- **Dataset extract**
--------------------------------

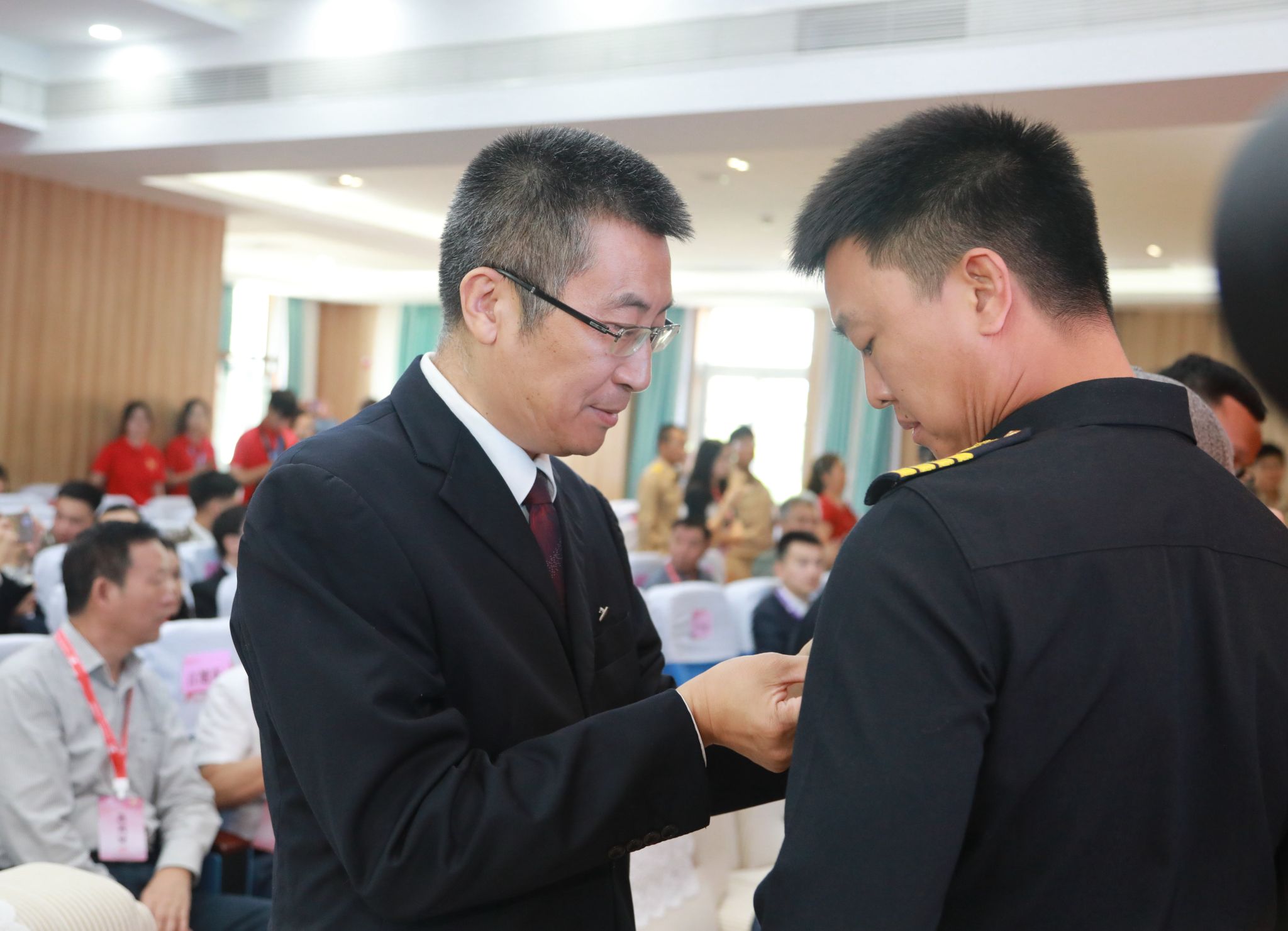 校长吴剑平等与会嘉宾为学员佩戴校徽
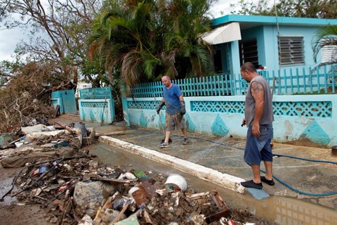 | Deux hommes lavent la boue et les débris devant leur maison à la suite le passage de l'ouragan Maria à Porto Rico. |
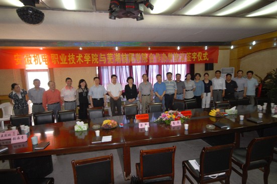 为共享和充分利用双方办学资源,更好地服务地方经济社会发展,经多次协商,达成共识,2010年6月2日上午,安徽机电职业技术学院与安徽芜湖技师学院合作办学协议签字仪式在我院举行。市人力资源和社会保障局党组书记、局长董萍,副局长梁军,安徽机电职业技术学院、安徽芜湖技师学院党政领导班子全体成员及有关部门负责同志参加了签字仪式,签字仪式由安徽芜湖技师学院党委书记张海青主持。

--------------------------------

- **What is being asked**
Give back the data exactly, with no images.

- **Solution for this task**
 校长吴剑平等与会嘉宾为学员佩戴校徽
 | Deux hommes lavent la boue et les débris devant leur maison à la suite le passage de l'ouragan Maria à Porto Rico. |
 为共享和充分利用双方办学资源,更好地服务地方经济社会发展,经多次协商,达成共识,2010年6月2日上午,安徽机电职业技术学院与安徽芜湖技师学院合作办学协议签字仪式在我院举行。市人力资源和社会保障局党组书记、局长董萍,副局长梁军,安徽机电职业技术学院、安徽芜湖技师学院党政领导班子全体成员及有关部门负责同志参加了签字仪式,签字仪式由安徽芜湖技师学院党委书记张海青主持。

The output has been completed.